When assessing fHRV, it is essential to control any factor which might confound its interpretation. Some of the most studied factors are the baby's maturation reflected in gestational age, behavioral state, and maternal condition (178). From the 53 papers that aim to study maturation or gestational age 38 papers applied entropies, 7 applied compression measures, 18 fractal and only 3 papers used wavelets. First trimester observations during pregnancy have shown a low intraindividual variation of the fHR, compared to variation between different fetuses (179). Later in pregnancy, Arduini also found this high intraindividual consistency concerning fetal behavioral states' characteristics, particularly fHR, in 2 consecutive days (180). In fact, an association between individual differences in prenatal heart rate and HRV and postnatal neural development has been reported (181). Besides these factors, Gonçalves et al. (131) and Spyridou et al. (182) noted that gender also has an effect on fHR analysis and should be considered, while Tagliaferri et al. (183) found differences on both linear and non-linear indices between different ethnic groups. Gender was also shown to influence maternal heart rate (MHR) (52). Even when twins are considered, sex differences were found both by linear and non-linear indices (184). Fetal presentation at birth has also been studied (185, 186). Reports are stating that breech fetuses have worse neurological outcomes compared to cephalic presentation ones (187, 188). Furthermore, in a study by Choi and Hoh (189), non-linear dynamic indices were able to differentiate normal pregnancies from ones with partial placental abruption with high accuracy, while linear indices were not.

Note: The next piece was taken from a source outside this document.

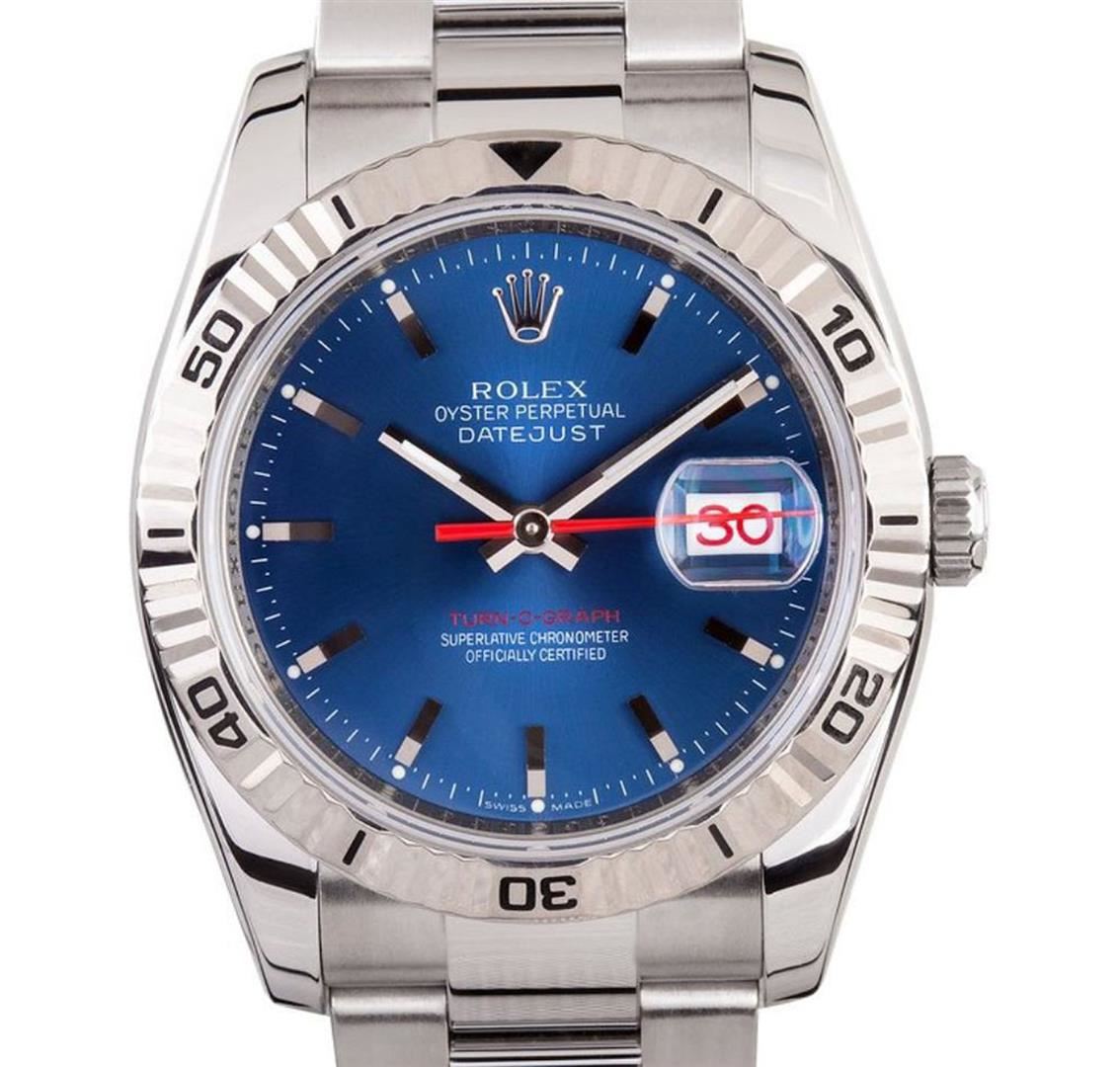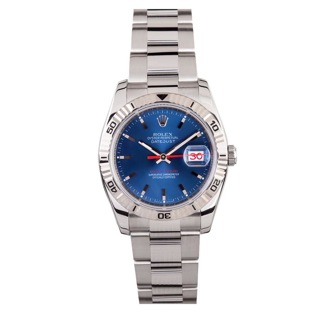 One gents stainless steel Rolex DateJust wristwatch. Model Name/Number: Thunderbird DateJust 116264. The watch features automatic movement with date, scratch-resistant sapphire crystal, 31 jewels, waterproof screw-down crown. Case: Stainless steel with18k white gold Thunderbird (rotatable timing) bezel (36mm). Dial: Blue luminous index with red second hand and red date wheel. Bracelet: Stainless steel Oyster.

The evaluation of neonatal behavior has shown more success in predicting neurodevelopment disability than neurological examination (190). Therefore, the same approach was adopted for fetal well-being assessment. These fetal behavioral states were introduced back in 1982 in studies combining the assessment of fetal body and eye movements (191). They include calm or non-eye movement sleep state (1F), active or rapid eye movement sleep state (2F), calm wakefulness state (3F), and active wakefulness state (4F). The importance of these definitions in understanding fetal physiology, interpretation of fHR monitoring, and diagnosis of pathological conditions is described with more detail elsewhere (192). There are associations between fetal behavioral states and fHR patterns. 1F is related to a stable baseline with absent or sporadic and short-lasting accelerations; 2F is associated with a stable baseline and frequent accelerations, and it is the most frequent state. 3F is rare and is usually very short in time. It also has a stable baseline but with wide variability and no accelerations. 4F shows repetitive and long-lasting accelerations with eventual returns to the baseline (193).

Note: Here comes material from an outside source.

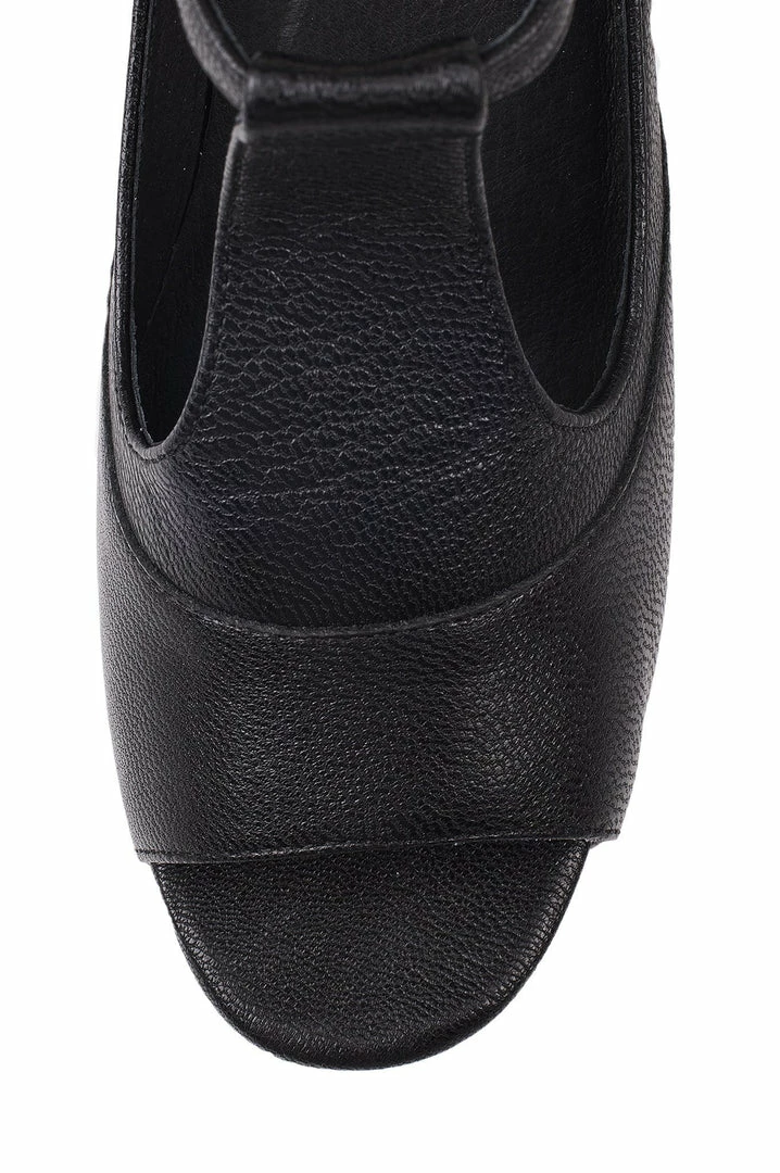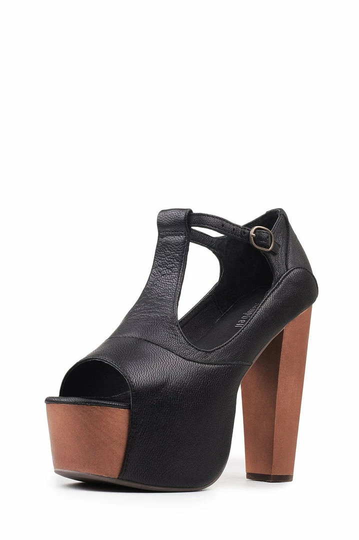 T-strap platform heeled sandal.

This field's interest is not only focused on fHR tracings classification. Features like frequency and amplitude traditionally characterize physiological signals. However, these parameters do not provide us with an insight into the regulatory processes underlying the signal dynamics, thus requiring a further extraction of more appropriate features, which has become a difficult task. These difficulties lie in the lack of a priori information on which process belongs to each component (i.e., fetal, maternal, or environmental) and the lack of knowledge on how each component behave (194). Much effort has been put into the signal acquisition and processing models because the extracted features' usability highly relies on the preprocessing steps' quality, such as artifacts removal, interpolation method, segmentation, and detrending signal (30).

In 2013, an open challenge was created, the Physionet Challenge (195), in order to promote the development of advanced signal processing techniques. Many different approaches were suggested, such as wavelet de-denoising, subspace decomposition and reconstruction, adaptive filtering and averaging, matched filtering, and entropy. Most of them followed these four steps: signal processing, maternal heartbeat detection, maternal heartbeat cancelation, fetal heartbeat detection. More information can be found in Di Maria et al. (196). These non-linear methodologies have been studied and applied to retrieve signal with the best quality possible, dismissing as much noise as possible. The preprocessing is even more important when adopting low-cost systems for signal extraction, as is the case of the fetal phonocardiography, which has a poor signal-to-noise ratio (11). From the 60 papers that aim to study signal processing 7 papers applied entropies, 1 applied compression measures, 7 fractal, and 45 papers used wavelets.

Table 2 presents the number of articles that applied each non-linear method for each research objective. Entropy, compression, and fractal measures are most used in classification papers, mainly when applied to analyze the variability of fHR in hypoxia, IUGR, and fetal distress. However, these measures are still underused in studies whose research objective is signal processing. On the other hand, wavelet analysis is most used when the research objective is signal processing (43 papers) or hypoxia (25 papers).

5. Discussion

The number of articles probing the use of non-linear measures to assess the fHR signals analysis has been growing in the past decade. Non-linear analysis has been successfully applied in the study of fetal heart rate with several research objectives, such as fetal maturation or gestational age (197–199), fetal gender (182, 200), labor stages (201, 202), cesarean section (51, 203), preterm birth (80, 204), impact of nuchal cord on antenatal (205), fHR baseline (206), behavioral state (207, 208), IUGR (209–213), hypoxia (128, 137, 214, 215), fetal distress (216–218), maternal pathologies (219, 220), and signal processing (198, 221–224). Therefore, it is important that the scientific community is aware of the non-linear methods used depending on the research objective. Additionally, they are not yet used in clinical practice due to some critical concerns that need to be further discussed.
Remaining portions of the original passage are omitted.